**** RECORDS FOR PROCESSING ****

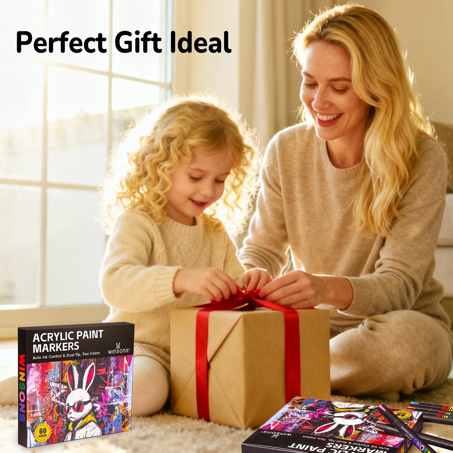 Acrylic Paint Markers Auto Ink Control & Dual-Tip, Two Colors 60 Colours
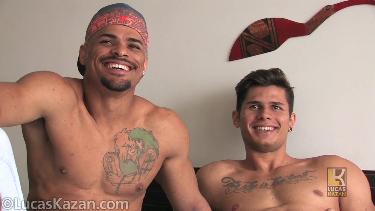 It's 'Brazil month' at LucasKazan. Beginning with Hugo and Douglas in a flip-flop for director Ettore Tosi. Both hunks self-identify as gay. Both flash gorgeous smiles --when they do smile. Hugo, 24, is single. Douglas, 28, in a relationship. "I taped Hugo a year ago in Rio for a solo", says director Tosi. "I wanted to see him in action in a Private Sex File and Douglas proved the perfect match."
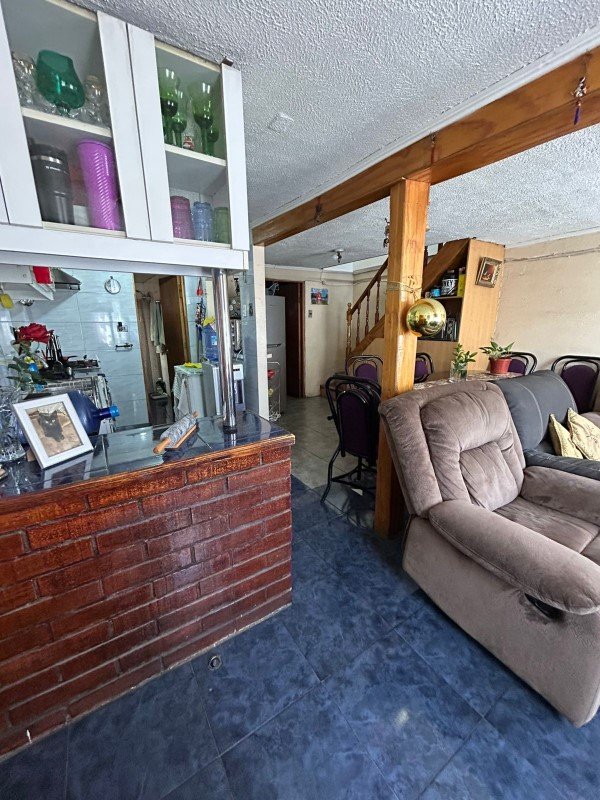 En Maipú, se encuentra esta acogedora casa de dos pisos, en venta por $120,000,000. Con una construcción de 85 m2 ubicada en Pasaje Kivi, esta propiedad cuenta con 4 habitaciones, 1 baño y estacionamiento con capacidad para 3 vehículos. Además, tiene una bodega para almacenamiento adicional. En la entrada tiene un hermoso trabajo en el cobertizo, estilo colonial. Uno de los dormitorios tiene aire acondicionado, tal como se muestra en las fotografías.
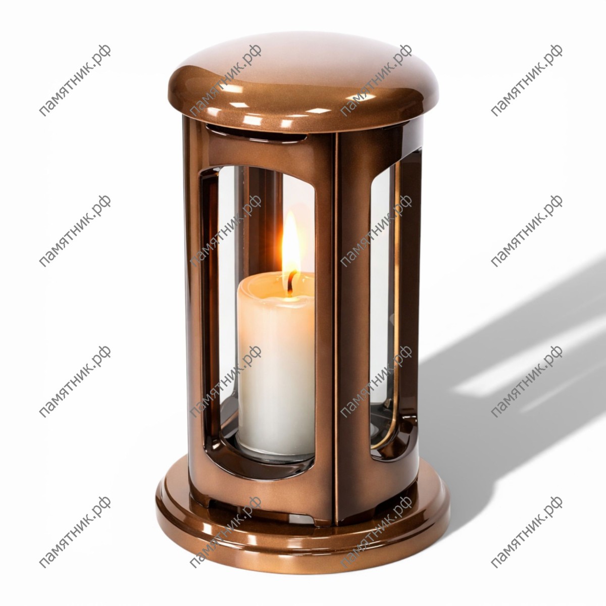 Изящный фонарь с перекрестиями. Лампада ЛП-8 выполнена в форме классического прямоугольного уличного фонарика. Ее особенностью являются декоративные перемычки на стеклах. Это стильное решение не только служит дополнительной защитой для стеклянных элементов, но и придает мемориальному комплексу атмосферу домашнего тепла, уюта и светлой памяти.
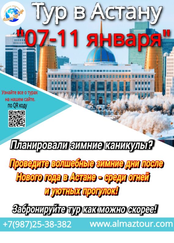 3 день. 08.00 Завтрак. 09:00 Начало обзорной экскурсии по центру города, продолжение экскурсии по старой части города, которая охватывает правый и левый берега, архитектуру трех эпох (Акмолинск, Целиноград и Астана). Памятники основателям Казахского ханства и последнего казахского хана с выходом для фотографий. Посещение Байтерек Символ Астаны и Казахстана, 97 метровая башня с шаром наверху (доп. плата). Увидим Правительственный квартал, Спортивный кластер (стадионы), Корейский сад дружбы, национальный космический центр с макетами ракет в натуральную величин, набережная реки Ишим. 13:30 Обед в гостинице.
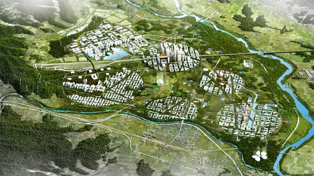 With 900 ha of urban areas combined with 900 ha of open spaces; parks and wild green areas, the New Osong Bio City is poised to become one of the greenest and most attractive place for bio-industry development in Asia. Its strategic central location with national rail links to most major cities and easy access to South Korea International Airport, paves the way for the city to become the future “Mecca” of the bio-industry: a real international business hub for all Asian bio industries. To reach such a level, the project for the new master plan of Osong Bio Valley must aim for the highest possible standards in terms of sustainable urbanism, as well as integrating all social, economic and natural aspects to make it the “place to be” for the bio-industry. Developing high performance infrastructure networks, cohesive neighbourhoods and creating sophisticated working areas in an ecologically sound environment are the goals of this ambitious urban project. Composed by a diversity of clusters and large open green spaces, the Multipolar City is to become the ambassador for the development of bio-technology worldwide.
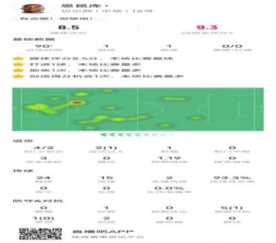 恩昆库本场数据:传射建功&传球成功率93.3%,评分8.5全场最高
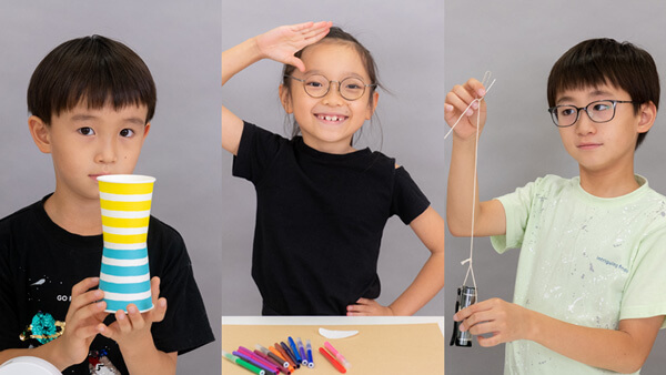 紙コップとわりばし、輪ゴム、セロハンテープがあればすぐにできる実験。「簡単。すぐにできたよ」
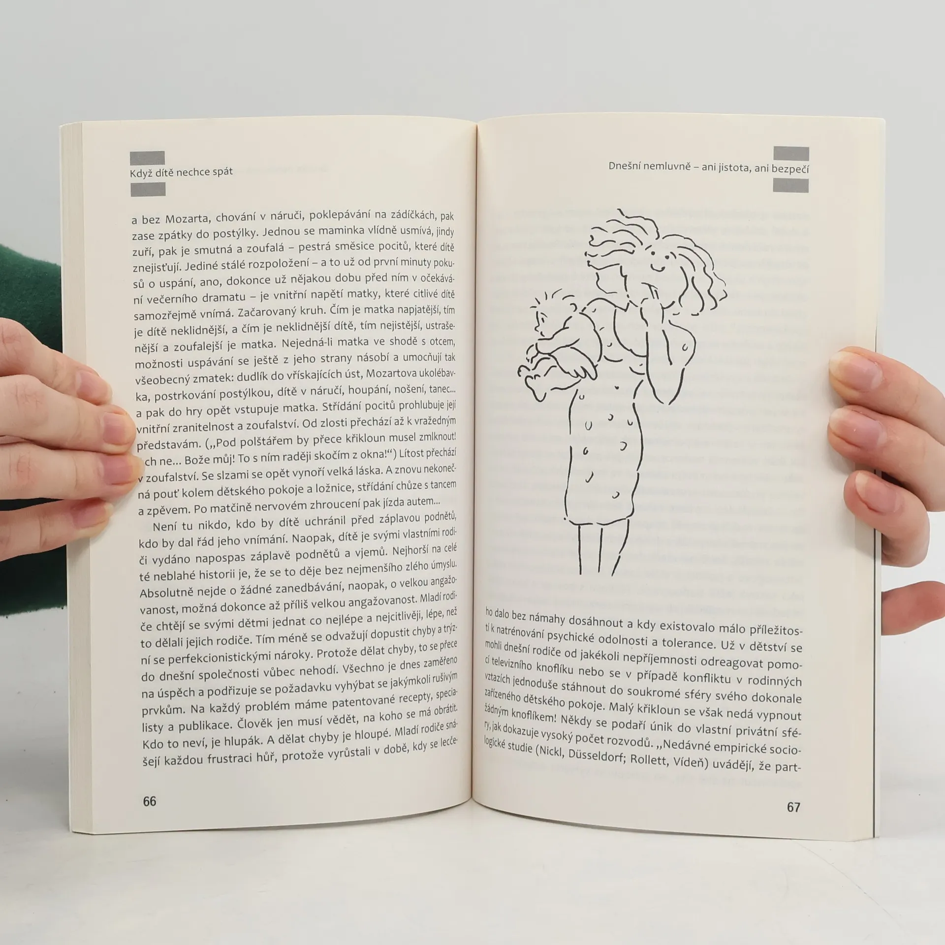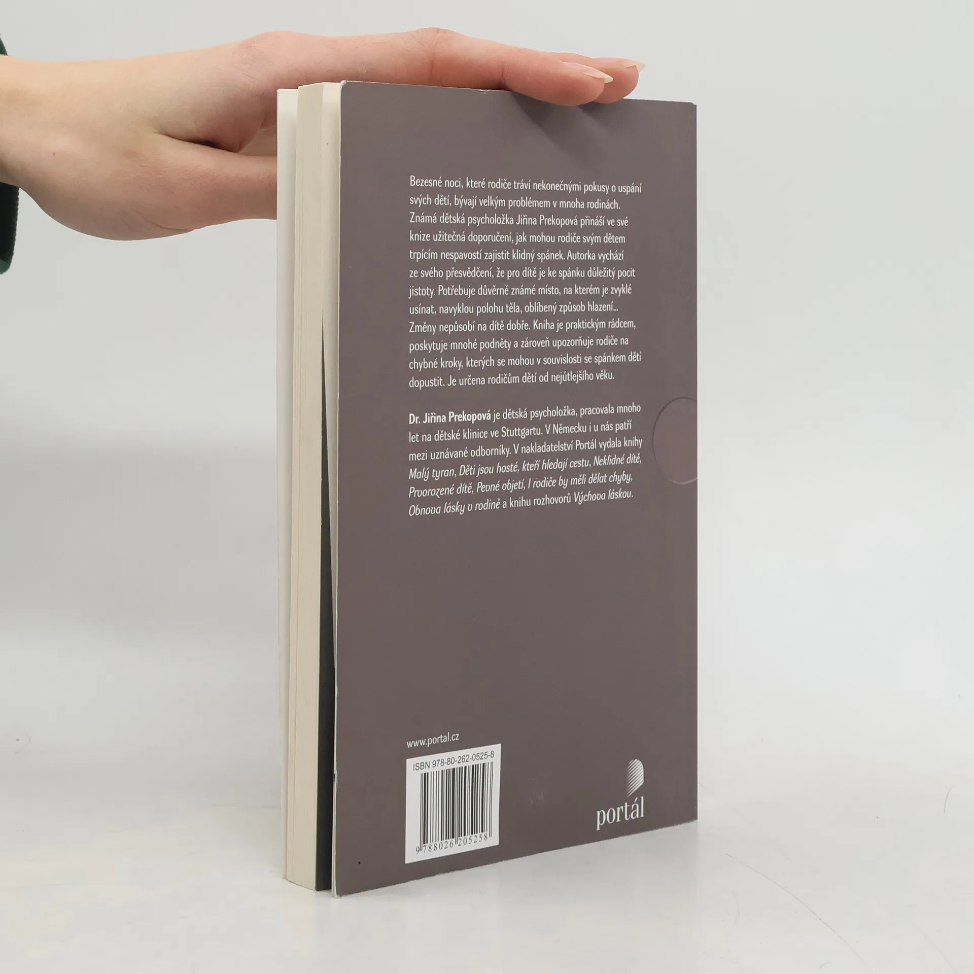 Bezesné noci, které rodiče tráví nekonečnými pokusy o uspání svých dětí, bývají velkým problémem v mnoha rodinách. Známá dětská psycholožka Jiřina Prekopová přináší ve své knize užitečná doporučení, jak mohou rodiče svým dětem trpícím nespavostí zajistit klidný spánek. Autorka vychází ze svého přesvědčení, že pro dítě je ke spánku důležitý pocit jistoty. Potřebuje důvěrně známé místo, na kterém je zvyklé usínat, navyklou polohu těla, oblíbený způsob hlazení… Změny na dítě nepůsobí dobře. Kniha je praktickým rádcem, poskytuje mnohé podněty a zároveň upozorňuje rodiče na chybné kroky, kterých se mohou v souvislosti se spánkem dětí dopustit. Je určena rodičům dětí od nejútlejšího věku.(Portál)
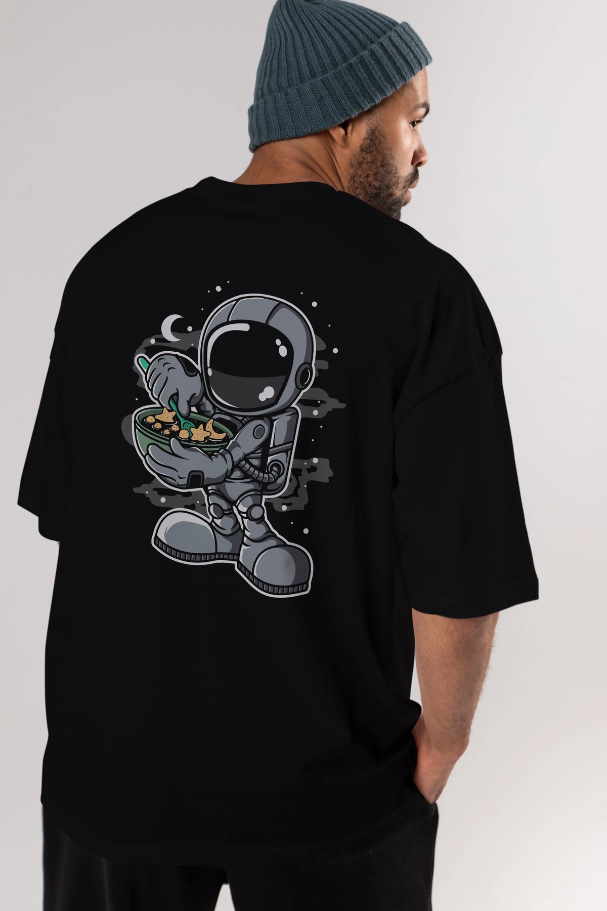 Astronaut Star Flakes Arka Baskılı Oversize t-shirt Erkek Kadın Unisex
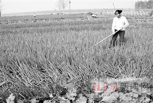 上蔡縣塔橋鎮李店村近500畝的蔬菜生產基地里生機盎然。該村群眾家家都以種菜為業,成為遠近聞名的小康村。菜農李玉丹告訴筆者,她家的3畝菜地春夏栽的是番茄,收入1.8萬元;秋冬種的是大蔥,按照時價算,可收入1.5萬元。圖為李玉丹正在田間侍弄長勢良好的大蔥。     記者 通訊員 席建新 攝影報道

****

TASK PROMPT: In your copy, repeat each record exactly and include no pictures.

EXERCISE OUTPUT:
 Acrylic Paint Markers Auto Ink Control & Dual-Tip, Two Colors 60 Colours
 It's 'Brazil month' at LucasKazan. Beginning with Hugo and Douglas in a flip-flop for director Ettore Tosi. Both hunks self-identify as gay. Both flash gorgeous smiles --when they do smile. Hugo, 24, is single. Douglas, 28, in a relationship. "I taped Hugo a year ago in Rio for a solo", says director Tosi. "I wanted to see him in action in a Private Sex File and Douglas proved the perfect match."
 En Maipú, se encuentra esta acogedora casa de dos pisos, en venta por $120,000,000. Con una construcción de 85 m2 ubicada en Pasaje Kivi, esta propiedad cuenta con 4 habitaciones, 1 baño y estacionamiento con capacidad para 3 vehículos. Además, tiene una bodega para almacenamiento adicional. En la entrada tiene un hermoso trabajo en el cobertizo, estilo colonial. Uno de los dormitorios tiene aire acondicionado, tal como se muestra en las fotografías.
 Изящный фонарь с перекрестиями. Лампада ЛП-8 выполнена в форме классического прямоугольного уличного фонарика. Ее особенностью являются декоративные перемычки на стеклах. Это стильное решение не только служит дополнительной защитой для стеклянных элементов, но и придает мемориальному комплексу атмосферу домашнего тепла, уюта и светлой памяти.
 3 день. 08.00 Завтрак. 09:00 Начало обзорной экскурсии по центру города, продолжение экскурсии по старой части города, которая охватывает правый и левый берега, архитектуру трех эпох (Акмолинск, Целиноград и Астана). Памятники основателям Казахского ханства и последнего казахского хана с выходом для фотографий. Посещение Байтерек Символ Астаны и Казахстана, 97 метровая башня с шаром наверху (доп. плата). Увидим Правительственный квартал, Спортивный кластер (стадионы), Корейский сад дружбы, национальный космический центр с макетами ракет в натуральную величин, набережная реки Ишим. 13:30 Обед в гостинице.
 With 900 ha of urban areas combined with 900 ha of open spaces; parks and wild green areas, the New Osong Bio City is poised to become one of the greenest and most attractive place for bio-industry development in Asia. Its strategic central location with national rail links to most major cities and easy access to South Korea International Airport, paves the way for the city to become the future “Mecca” of the bio-industry: a real international business hub for all Asian bio industries. To reach such a level, the project for the new master plan of Osong Bio Valley must aim for the highest possible standards in terms of sustainable urbanism, as well as integrating all social, economic and natural aspects to make it the “place to be” for the bio-industry. Developing high performance infrastructure networks, cohesive neighbourhoods and creating sophisticated working areas in an ecologically sound environment are the goals of this ambitious urban project. Composed by a diversity of clusters and large open green spaces, the Multipolar City is to become the ambassador for the development of bio-technology worldwide.
 恩昆库本场数据:传射建功&传球成功率93.3%,评分8.5全场最高
 紙コップとわりばし、輪ゴム、セロハンテープがあればすぐにできる実験。「簡単。すぐにできたよ」
 Bezesné noci, které rodiče tráví nekonečnými pokusy o uspání svých dětí, bývají velkým problémem v mnoha rodinách. Známá dětská psycholožka Jiřina Prekopová přináší ve své knize užitečná doporučení, jak mohou rodiče svým dětem trpícím nespavostí zajistit klidný spánek. Autorka vychází ze svého přesvědčení, že pro dítě je ke spánku důležitý pocit jistoty. Potřebuje důvěrně známé místo, na kterém je zvyklé usínat, navyklou polohu těla, oblíbený způsob hlazení… Změny na dítě nepůsobí dobře. Kniha je praktickým rádcem, poskytuje mnohé podněty a zároveň upozorňuje rodiče na chybné kroky, kterých se mohou v souvislosti se spánkem dětí dopustit. Je určena rodičům dětí od nejútlejšího věku.(Portál)
 Astronaut Star Flakes Arka Baskılı Oversize t-shirt Erkek Kadın Unisex
 上蔡縣塔橋鎮李店村近500畝的蔬菜生產基地里生機盎然。該村群眾家家都以種菜為業,成為遠近聞名的小康村。菜農李玉丹告訴筆者,她家的3畝菜地春夏栽的是番茄,收入1.8萬元;秋冬種的是大蔥,按照時價算,可收入1.5萬元。圖為李玉丹正在田間侍弄長勢良好的大蔥。     記者 通訊員 席建新 攝影報道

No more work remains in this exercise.